Jason Lutes is the cartoonist responsible for the critically acclaimed Jar of Fools, which was serialized in the weekly paper The Stranger. He is currently working on the ambitious historical graphic novel Berlin. His other works include The Fall with Ed Brubaker and Houdini the Handcuff King with Nick Bertozzi.
David Macaulay’s books include Cathedral, Mosque, and The Way Things Work. His books have sold more than two million copies in the United States alone, and his work has been translated into a dozen languages. Macaulay has garnered a number of the most prestigious awards. Amongst these are the MacArthur Fellows Program award (The “Genius Award”), the Caldecott Medal, the Boston Globe-Horn Book Award, the Christopher Award, and an American Institute of Architects Medal. In June 2007 he was the subject of the exhibition “David Macaulay, the Art of Drawing Architecture” which opened for a limited run through January of 2008 at the National Building Museum in Washington, D.C.

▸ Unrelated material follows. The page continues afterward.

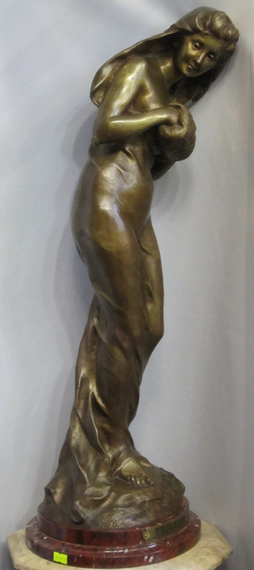 Скульптура «Зябко» («Frileuse»). Франция, конец XIX – начало ХХ века. Скульптор: Sylvain KINSBURGER (1855-1935). На мраморном основании имеется табличка: «Medaille d'Or au Salon», свидетельствующая, о том, что эта скульптура экспонировалась на Парижском Салоне и завоевала Золотую медаль. Бронза, литьё, патинирование, мрамор. Высота - 73 см.

Hilary Price grew up in Weston, Massachusetts, and graduated from Stanford University with a degree in English literature. In 1995, at age 25, she became the youngest woman ever to have a syndicated daily comic strip. Rhymes With Orange appears in 150 newspapers nationwide, and has made cameos in People magazine, Forbes, Glamour, and The Funny Times.

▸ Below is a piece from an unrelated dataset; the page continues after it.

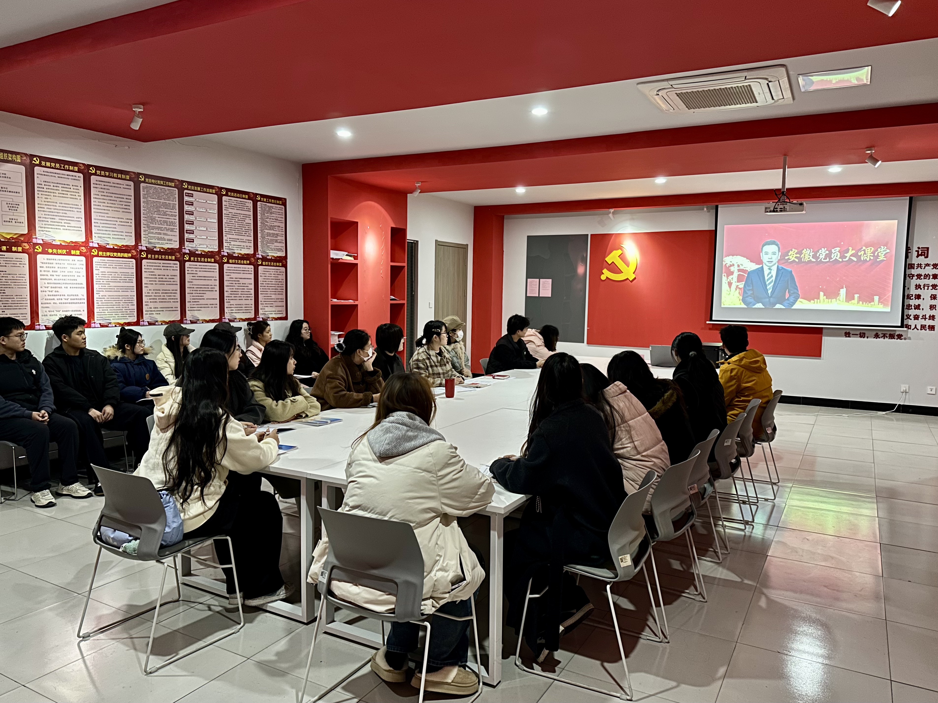 2025年12月1日,艺术设计学院学生党支部在洪雅楼党员活动室召开党员大会,专题讨论黄宇嘉等6名预备党员的转正事宜。会前,全体参会同志集中观看了“安徽党员大课堂”《金寨星火红 信仰立千秋》专题学习内容,重温习近平总书记考察安徽重要讲话精神,在金寨革命先烈的忠诚担当与奉献精神中接受思想淬炼,进一步明晰新时代青年党员的使命方向。党总支副书记程楠楠莅临指导,学生党支部全体党员参会,会议由党支部书记吴语嫣主持。

R. Sikoryak’s cartoons and illustrations have appeared in The New Yorker, Nickelodeon Magazine, Drawn & Quarterly, Raw, Fortune, Business 2.0, among many other publications, and on The Daily Show with Jon Stewart. He was awarded artists’ fellowships from The New York Foundation for the Arts and The American Antiquarian Society for his comics adaptations of the classics. Sikoryak presents his cartoon slide show series, “Carousel,” around the U.S. and Canada, and he teaches in the illustration department at Parsons School of Design.

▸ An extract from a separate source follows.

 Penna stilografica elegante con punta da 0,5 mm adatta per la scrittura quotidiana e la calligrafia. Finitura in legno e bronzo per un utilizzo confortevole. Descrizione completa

Garry Trudeau is the creator of Doonesbury. Today Doonesbury is syndicated to almost 1,400 newspapers worldwide. In 1975, he became the first comic strip artist to win a Pulitzer Prize for Editorial Cartooning. He was also a finalist for the Pulitzer in 1990. He was also nominated for an Oscar in 1977 in the category of Animated Short Film for The Doonesbury Special, in collaboration with John and Faith Hubley. The Doonesbury Special eventually won the Jury Special Prize of Cannes Film Festival in 1978. Other awards include the National Cartoonist Society Newspaper Comic Strip Award in 1994 and the Reuben Award in 1995. In addition to his work on Doonesbury, Trudeau has written plays (such as Rap Master Ronnie and Doonesbury: A Musical Comedy) and the 1988 HBO miniseries Tanner ’88, directed by Robert Altman and the miniseries sequel Tanner on Tanner in 2004.
Drew Weing, since graduating from the Savannah College of Art and Design in 2001, has done a variety of web- and mini-comics, including The Journal Comic, and Pup for Serializer.net. He’s done illustrations and comics for children’s publications, such as Nickelodeon Magazine, and is currently doing a monthly series for Disney Adventures Magazine called Wulf and Merl. His other current project is a nautical adventure comic, Set to Sea, currently being serialized panel by panel at www.drewweing.com
Kriota Willberg teaches anatomy in the dance department of Marymount Manhattan College, pathology and massage at the Swedish Institute College of Health Sciences, has taught at Bard College and NYU, and teaches anatomy and injury prevention classes in New York and internationally. She has studied personal training and exercise, and is a licensed massage therapist. With encouragement from her husband, cartoonist R. Sikoryak, she has also become an anatomical illustration hobbyist.